Наташа, любимица молодых Мелюковых, с ними вместе исчезла в задние комнаты, куда была потребована пробка и разные халаты и мужские платья, которые в растворенную дверь принимали от лакея оголенные девичьи руки. Через десять минут вся молодежь семейства Мелюковых присоединилась к ряженым.
Пелагея Даниловна, распорядившись очисткой места для гостей и угощениями для господ и дворовых, не снимая очков, с сдерживаемой улыбкой, ходила между ряжеными, близко глядя им в лица и никого не узнавая. Она не узнавала не только Ростовых и Диммлера, но и никак не могла узнать ни своих дочерей, ни тех мужниных халатов и мундиров, которые были на них.
– А это чья такая? – говорила она, обращаясь к своей гувернантке и глядя в лицо своей дочери, представлявшей казанского татарина. – Кажется, из Ростовых кто то. Ну и вы, господин гусар, в каком полку служите? – спрашивала она Наташу. – Турке то, турке пастилы подай, – говорила она обносившему буфетчику: – это их законом не запрещено.

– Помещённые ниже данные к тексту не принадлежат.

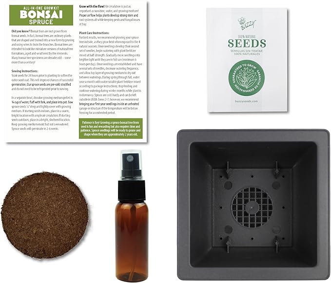 BUZZY Seeds Bonsai Starter Kit, Norway Spruce, Complete Indoor Gardening Gift, DIY Mini Tree Project, Soothing Indoor Hobby for Home or Office, Fun Stocking Stuffer, Housewarming Present

Иногда, глядя на странные, но смешные па, которые выделывали танцующие, решившие раз навсегда, что они наряженные, что никто их не узнает и потому не конфузившиеся, – Пелагея Даниловна закрывалась платком, и всё тучное тело ее тряслось от неудержимого доброго, старушечьего смеха. – Сашинет то моя, Сашинет то! – говорила она.
После русских плясок и хороводов Пелагея Даниловна соединила всех дворовых и господ вместе, в один большой круг; принесли кольцо, веревочку и рублик, и устроились общие игры.
Через час все костюмы измялись и расстроились. Пробочные усы и брови размазались по вспотевшим, разгоревшимся и веселым лицам. Пелагея Даниловна стала узнавать ряженых, восхищалась тем, как хорошо были сделаны костюмы, как шли они особенно к барышням, и благодарила всех за то, что так повеселили ее. Гостей позвали ужинать в гостиную, а в зале распорядились угощением дворовых.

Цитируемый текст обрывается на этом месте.